Can’t I Just Give My House To My Kids?

654659_origWithout a doubt, the number one question I get from clients is, “Can’t I just give away my house to my kids?” At this point, I start to worry if clients don’t ask this question. Everyone thinks they can trust their kids and that their kids will get along fine after they are no longer around. I usually answer the question by telling two real life stories that ends this line of discussion.

First, I tell them about a former client who has since passed away and decided to give her house to her son and daughter. The client went to a solo practitioner and the lawyer prepared what is called a life estate deed. Basically, the client gave away the right to own the house after she died to her two children. Unfortunately, her son died before she did. Then, because technically the client’s kids owned a right to the house even though their mom was still alive, the daughter-in-law sued the client and the client’s son to compel a sale of the home through a process called partition. Keep in mind, this is while the client is still alive and residing in her own home!

Second, I trot out the story of the mom who gave her house to her daughter when they were living together. The mom thought she was doing a good thing and followed some advice she received from her friend. Well, because of a fight the mom and daughter got into, the daughter evicted her mother from the house. She then proceeded to sue her mom to keep her off the premises!
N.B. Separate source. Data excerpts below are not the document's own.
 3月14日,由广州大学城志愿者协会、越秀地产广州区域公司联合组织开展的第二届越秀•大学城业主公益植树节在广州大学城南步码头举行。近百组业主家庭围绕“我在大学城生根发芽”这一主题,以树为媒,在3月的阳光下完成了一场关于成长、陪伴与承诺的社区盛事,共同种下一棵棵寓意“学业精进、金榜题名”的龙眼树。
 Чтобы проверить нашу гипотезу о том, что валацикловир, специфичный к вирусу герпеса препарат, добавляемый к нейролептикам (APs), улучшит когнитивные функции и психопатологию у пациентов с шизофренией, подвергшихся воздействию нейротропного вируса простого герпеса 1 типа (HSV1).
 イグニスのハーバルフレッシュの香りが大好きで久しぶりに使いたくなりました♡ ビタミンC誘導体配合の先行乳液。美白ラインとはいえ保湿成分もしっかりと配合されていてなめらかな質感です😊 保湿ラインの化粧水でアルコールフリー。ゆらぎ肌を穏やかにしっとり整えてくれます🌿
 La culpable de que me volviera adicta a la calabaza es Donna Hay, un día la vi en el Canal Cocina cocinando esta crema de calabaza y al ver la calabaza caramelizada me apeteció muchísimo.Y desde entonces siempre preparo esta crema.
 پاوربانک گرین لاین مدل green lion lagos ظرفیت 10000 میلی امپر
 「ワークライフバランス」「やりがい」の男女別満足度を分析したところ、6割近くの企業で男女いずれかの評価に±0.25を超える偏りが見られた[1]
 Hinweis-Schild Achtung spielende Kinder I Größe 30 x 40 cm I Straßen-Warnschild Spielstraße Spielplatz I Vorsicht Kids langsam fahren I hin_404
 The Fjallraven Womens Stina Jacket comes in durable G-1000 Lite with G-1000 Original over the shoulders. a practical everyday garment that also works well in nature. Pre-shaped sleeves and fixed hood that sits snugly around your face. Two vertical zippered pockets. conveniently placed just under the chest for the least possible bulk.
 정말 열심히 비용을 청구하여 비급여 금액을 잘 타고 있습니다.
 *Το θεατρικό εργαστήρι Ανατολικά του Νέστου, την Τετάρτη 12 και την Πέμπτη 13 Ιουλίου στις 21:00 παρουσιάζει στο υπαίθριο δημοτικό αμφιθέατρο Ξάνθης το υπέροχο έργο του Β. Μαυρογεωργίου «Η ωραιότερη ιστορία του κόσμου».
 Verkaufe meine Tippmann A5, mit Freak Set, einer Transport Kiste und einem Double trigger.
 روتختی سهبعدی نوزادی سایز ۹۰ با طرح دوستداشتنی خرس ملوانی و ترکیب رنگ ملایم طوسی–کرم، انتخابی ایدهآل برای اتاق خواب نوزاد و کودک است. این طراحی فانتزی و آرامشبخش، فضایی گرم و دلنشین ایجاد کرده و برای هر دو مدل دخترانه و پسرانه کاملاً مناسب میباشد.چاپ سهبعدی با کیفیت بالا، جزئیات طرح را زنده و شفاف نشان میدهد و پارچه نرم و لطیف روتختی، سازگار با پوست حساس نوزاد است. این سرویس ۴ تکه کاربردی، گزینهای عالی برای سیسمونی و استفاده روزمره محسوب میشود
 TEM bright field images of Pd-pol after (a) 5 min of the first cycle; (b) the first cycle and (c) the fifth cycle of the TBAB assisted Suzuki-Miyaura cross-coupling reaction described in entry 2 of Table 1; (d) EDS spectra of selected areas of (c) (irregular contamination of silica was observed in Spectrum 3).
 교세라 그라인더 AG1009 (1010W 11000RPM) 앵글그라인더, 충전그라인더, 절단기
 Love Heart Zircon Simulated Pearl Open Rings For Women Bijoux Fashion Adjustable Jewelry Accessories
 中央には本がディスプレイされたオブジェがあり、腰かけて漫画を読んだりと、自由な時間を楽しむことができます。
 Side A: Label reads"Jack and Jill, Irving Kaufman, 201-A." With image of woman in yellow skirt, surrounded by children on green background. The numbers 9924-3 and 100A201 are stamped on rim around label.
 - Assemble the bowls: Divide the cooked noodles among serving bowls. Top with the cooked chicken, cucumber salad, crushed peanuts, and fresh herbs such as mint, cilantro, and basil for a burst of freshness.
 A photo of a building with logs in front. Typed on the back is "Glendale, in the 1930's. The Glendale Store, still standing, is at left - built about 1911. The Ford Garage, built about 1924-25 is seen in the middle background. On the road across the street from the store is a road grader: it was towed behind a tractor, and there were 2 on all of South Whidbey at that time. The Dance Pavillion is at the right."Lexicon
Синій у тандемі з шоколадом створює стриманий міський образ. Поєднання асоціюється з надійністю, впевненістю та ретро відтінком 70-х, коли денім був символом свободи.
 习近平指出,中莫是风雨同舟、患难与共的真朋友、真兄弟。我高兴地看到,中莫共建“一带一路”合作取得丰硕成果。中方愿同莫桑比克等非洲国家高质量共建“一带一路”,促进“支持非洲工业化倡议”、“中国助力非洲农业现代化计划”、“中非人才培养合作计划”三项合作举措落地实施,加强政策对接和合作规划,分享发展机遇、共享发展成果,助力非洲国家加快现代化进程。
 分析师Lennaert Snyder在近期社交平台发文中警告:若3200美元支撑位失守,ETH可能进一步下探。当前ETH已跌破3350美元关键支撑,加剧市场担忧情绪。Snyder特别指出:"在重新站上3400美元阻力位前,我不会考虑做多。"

These examples are extreme, but they are both real cases that came to me after the fact to try to preserve some of the assets the parents had left. It may seem unbelievable that these stories could even be allowed to occur in real life, they almost seem like something out of a television show. The lesson is that what seems the simplest path, especially in planning your affairs, may end up much more complex in the long run. This is why we recommend the Family Protection Trust for clients in this situation and with a desire to preserve the family home and maintain control over that asset for as long as possible.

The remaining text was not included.